On Wed, Apr 9, 2014 at 5:34 AM, Simon Riggs <simon@2ndquadrant.com> wrote:

We've got to the stage now that saving this much memory is essential,
so this patch is a must-have.

The patch does all I would expect and no more, so approach and details
look good to me.

Performance? Discussed many years ago, but I suspect the micro-tuning
of those earlier patches wasn't as good as it is here.

I think this approach is practically a slam-dunk when the number of
pins is small (as it typically is). I'm less clear what happens when
we overflow from the small array into the hashtable. That certainly
seems like it could be a loss, but how do we construct such a case to
test it? A session with lots of suspended queries?

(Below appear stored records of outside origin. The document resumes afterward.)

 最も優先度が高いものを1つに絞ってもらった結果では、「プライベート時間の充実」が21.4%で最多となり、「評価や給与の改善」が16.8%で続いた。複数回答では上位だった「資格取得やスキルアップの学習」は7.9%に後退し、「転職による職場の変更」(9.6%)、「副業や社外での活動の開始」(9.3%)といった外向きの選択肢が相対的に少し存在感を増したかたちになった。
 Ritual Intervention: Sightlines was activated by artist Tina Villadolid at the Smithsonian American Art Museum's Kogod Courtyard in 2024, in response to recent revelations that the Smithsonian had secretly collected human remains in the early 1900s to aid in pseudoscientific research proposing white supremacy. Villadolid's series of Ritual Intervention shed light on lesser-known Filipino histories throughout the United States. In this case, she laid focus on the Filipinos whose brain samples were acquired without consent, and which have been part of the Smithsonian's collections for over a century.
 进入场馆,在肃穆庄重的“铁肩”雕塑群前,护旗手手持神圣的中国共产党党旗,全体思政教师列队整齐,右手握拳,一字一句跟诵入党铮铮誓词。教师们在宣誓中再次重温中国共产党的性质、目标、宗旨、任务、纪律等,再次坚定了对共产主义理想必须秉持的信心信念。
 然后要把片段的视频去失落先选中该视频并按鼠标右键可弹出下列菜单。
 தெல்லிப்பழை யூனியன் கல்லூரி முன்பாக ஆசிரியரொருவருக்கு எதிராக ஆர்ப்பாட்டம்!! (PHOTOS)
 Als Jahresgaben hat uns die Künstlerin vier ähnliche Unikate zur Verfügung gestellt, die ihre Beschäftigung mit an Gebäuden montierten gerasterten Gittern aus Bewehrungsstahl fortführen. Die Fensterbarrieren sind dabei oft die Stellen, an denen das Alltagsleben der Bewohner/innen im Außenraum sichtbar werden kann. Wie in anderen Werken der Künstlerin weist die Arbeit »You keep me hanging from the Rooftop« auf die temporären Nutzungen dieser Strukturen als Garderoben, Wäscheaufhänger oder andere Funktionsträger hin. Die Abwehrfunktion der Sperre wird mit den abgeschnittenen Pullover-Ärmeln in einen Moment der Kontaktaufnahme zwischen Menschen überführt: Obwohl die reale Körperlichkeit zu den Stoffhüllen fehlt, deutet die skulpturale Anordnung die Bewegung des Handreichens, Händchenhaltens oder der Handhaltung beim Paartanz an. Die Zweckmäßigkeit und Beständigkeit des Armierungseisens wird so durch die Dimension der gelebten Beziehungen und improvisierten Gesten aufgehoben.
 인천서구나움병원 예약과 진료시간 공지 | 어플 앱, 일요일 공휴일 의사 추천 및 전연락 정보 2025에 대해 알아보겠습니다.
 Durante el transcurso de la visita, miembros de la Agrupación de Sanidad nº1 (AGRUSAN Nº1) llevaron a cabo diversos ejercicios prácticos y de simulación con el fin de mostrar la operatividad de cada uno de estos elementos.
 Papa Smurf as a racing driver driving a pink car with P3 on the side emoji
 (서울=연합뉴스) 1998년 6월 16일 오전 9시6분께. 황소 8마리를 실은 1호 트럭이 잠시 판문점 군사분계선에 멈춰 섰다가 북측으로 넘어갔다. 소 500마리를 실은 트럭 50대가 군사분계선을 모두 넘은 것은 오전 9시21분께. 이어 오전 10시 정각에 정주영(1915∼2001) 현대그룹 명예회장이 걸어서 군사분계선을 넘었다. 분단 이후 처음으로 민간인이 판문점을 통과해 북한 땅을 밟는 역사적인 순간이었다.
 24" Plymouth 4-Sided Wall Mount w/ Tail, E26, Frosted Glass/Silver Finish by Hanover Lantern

Can we generate a
regression by starting a few suspended queries to use up the array
elements, and then running a scan that pins and unpins many buffers?

I've tried to reproduce problems around this (when I wrote this), but
it's really hard to construct cases that need more than 8 pins. I've
tested performance for those cases by simply not using the array, and
while the performance suffers a bit, it's not that bad.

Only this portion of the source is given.